Who has Access to your Medical Records?
Updated: Nov 15, 2019
Medical care advancements and new insurance options continue to make the news. With new technological improvements such as electronic medical records that can be accessed from most medical sites, and the use of telemedicine, you may be concerned about the confidentiality of your medical record. There are federal and New York State laws that continue to protect the confidentiality of your medical information, even in these times of electronic records.
So, who has access to your medical records? As a patient, you may see your own medical records in most cases. New York State law gives patients access to their records with some restrictions on what may be obtained. There are also rules for what fees may be charged for copies of your records. For more details see “Do I have the Right to see my Medical Records” at the New York State Health Department’s website - www.health.ny.gov.
Others with access to your records include your medical providers, your health care agent appointed through a health care proxy, if you do not have capacity to make medical decisions as determined by your physician, and anyone else you authorize to see the records. The New York State Health Department may have access in the ordinary course of ensuring that your health care providers are in compliance with applicable quality of care standards or for auditing purposes. Your medical insurance company may have access when it requires information necessary for payments to be made for services rendered to you. If you would like more information regarding who has access to your medical records see “Access to patient information” at www.health.ny.gov.

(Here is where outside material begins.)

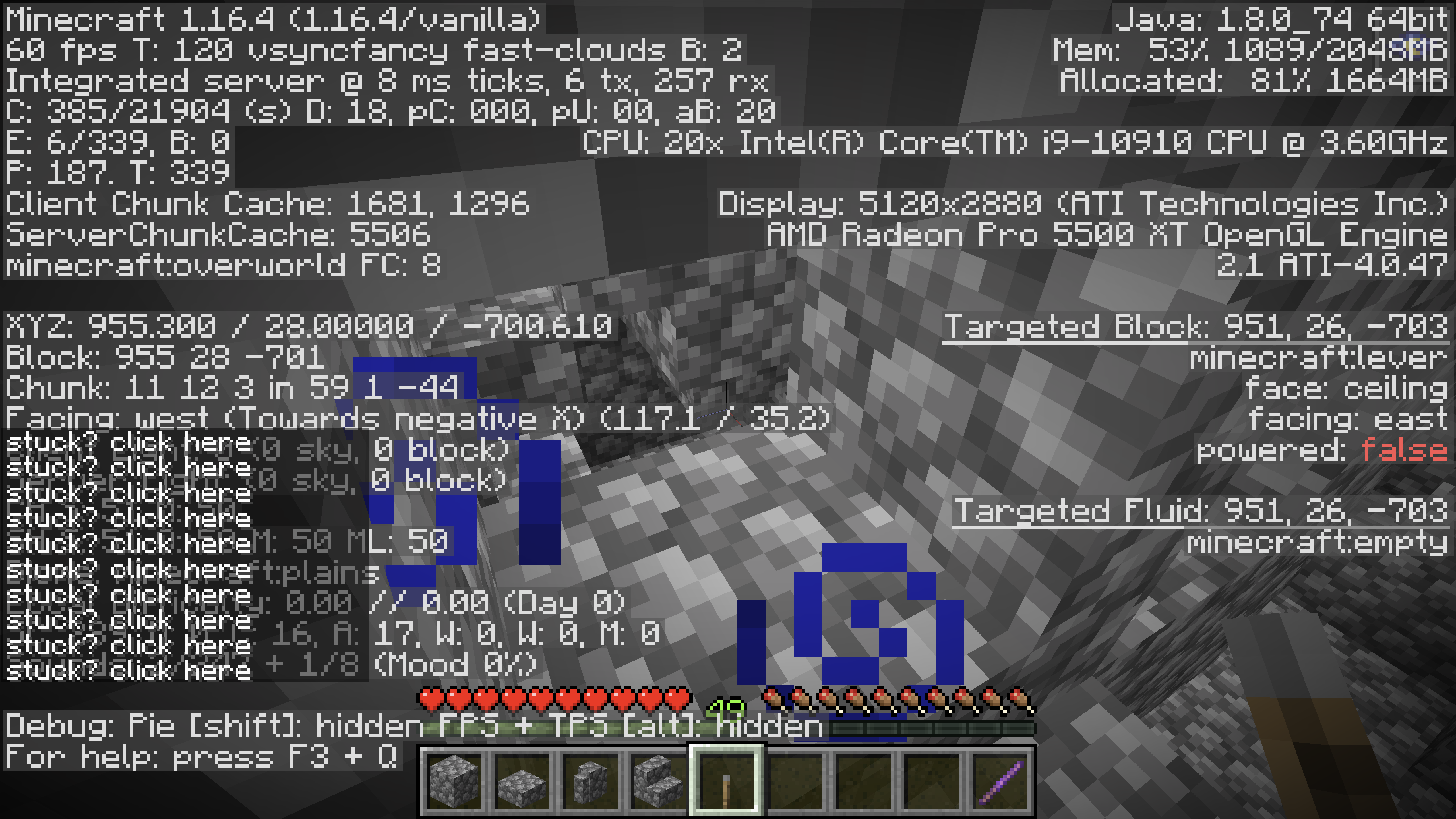Other angles and distances work in this find the lever map but this angle through 4 stairs is working differently in adventure mode than in creative. I don't think adventure mode is suppose to be able to reach leavers differently than in creative.

Both New York State and federal laws require health care providers to take precautions to protect the confidentiality of their patients’ medical records. Under federal laws, health care providers must obtain your written authorization to use or disclose your medical information unless it is for treatment, payment, health care operations or otherwise permitted by law. Health care providers must limit the use and disclosure of their patients’ health information to the “minimum necessary”. This means that providers must ensure that reasonable efforts are made to request, use and disclose only the minimum amount of health information necessary. This does not apply to disclosures to: you, other treating health care providers, disclosures made according to your authorizations, or other disclosures required by law.
Federal health care security rules also require health providers to protect the confidentiality of your paper charts and electronic records. Providers must take precautions to protect the security of the information, such as having policies and procedures that allow only authorized persons to access your electronic record.
The Federal security rules that establish standards for confidentiality and availability of your health information are enforced through the Department of Health and Human Services and the Office of Civil Rights. For more information about the federal privacy and security rules visit www.hhs.gov.
In this ever-changing world of technology, continuous and reasonable security measures must be taken by your health care provider to safeguard all of your health information.